We investigated what sets apart ε cells from the other pancreatic endocrine cell types. In this regard, we found 36 genes to be significantly enriched in ε cells (see “Materials and Methods”) when compared with the other endocrine cell populations (α, β, δ, and PP cells) (Fig. 1; detailed information regarding endocrine cell comparisons can be found in an online repository) (30). On average, each enriched gene showed significantly higher expression in ε cells than one or two other endocrine cell types. Among the genes with a more specific pattern of enrichment in ε cells was acyl-coenzyme A synthetase long chain family member 1 (ACSL1) (ε vs PP cell-adjusted P < 6.12E-04), which has been suggested to have a potential role in the processing of ghrelin. Ghrelin consists of 28 amino acids and can become modified with the addition of an n-octanoyl at its third serine residue. This modification is essential for its binding to the GHSR (6). Acsl1, an isoenzyme that converts long-chain fatty acids (LCFAs) into acyl-coenzyme A esters, was previously found to be expressed at high levels in MGN3-1 (32). Furthermore, results from this study suggested that incorporation of LCFAs, as part of the supply of octanoic acid for ghrelin acylation, was mediated in part by ACSL1 (32).

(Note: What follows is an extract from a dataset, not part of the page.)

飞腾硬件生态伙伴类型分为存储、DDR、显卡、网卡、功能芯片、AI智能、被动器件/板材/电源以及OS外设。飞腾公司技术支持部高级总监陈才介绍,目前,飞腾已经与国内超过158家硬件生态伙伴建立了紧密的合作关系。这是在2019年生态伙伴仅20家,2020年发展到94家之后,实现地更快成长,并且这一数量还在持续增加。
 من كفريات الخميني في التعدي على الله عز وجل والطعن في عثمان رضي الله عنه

Figure 1. — Differentially expressed genes in human ε cells vs other endocrine cells (α, β, δ, and PP cells). Enriched genes in ε cells were determined using a Bonferroni-adjusted P value <0.05, log-scale fold change >0.25, and detection rate in 11 ε cells >0.25. Each row represents a gene; each column represents a distinct endocrine cell population. Gene expression is presented in each row as a cumulative percent of the population expressing the gene. The level of expression of each gene is presented as scaled expression.

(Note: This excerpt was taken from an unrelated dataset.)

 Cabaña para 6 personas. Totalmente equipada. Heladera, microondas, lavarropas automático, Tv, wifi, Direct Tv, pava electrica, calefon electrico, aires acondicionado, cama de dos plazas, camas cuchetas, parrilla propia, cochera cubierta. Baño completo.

Surprisingly, we found two ε cell–enriched genes known for their proteinase inhibitory capacity: serine peptidase inhibitor Kazal type 1 (SPINK1) (ε vs α cell-adjusted P < 2.67E-11; ε vs β cell-adjusted P < 3.97E-47; ε vs δ cell-adjusted P < 4.58E-18) and serpin family A member 1 (ε vs β cell-adjusted P < 4E-24). The first is a serine protease inhibitor that binds to erroneously activated trypsin, forming a stable inactive complex. In the islet, SPINK1 is expressed and packaged into acinar cell secretory granules. Its major role in the pancreas relates to the protection from premature trypsinogen activation, which can lead to damage of acinar cells and ultimately development of pancreatitis (33, 34). Serpin family A member 1, a gene encoding the protein α-1 antitrypsin not only inhibits trypsin and elastase proteases, but also has recently been found to inhibit caspase-3 activity (35). It is believed to be involved in tissue repair after injury, with proinflammatory cytokines enhancing its production and release. Administration of α-1 antitrypsin has resulted in islet allograft protection and survival, as well as in prevention of streptozotocin-induced diabetes in mice (36, 37). Similar to our data, immunohistochemistry analysis in human islets has shown this factor to be expressed in α and δ cells, but not in β cells. Unfortunately, its expression in ε cells, where we currently observe its highest enrichment, was, to our knowledge, not assessed (37).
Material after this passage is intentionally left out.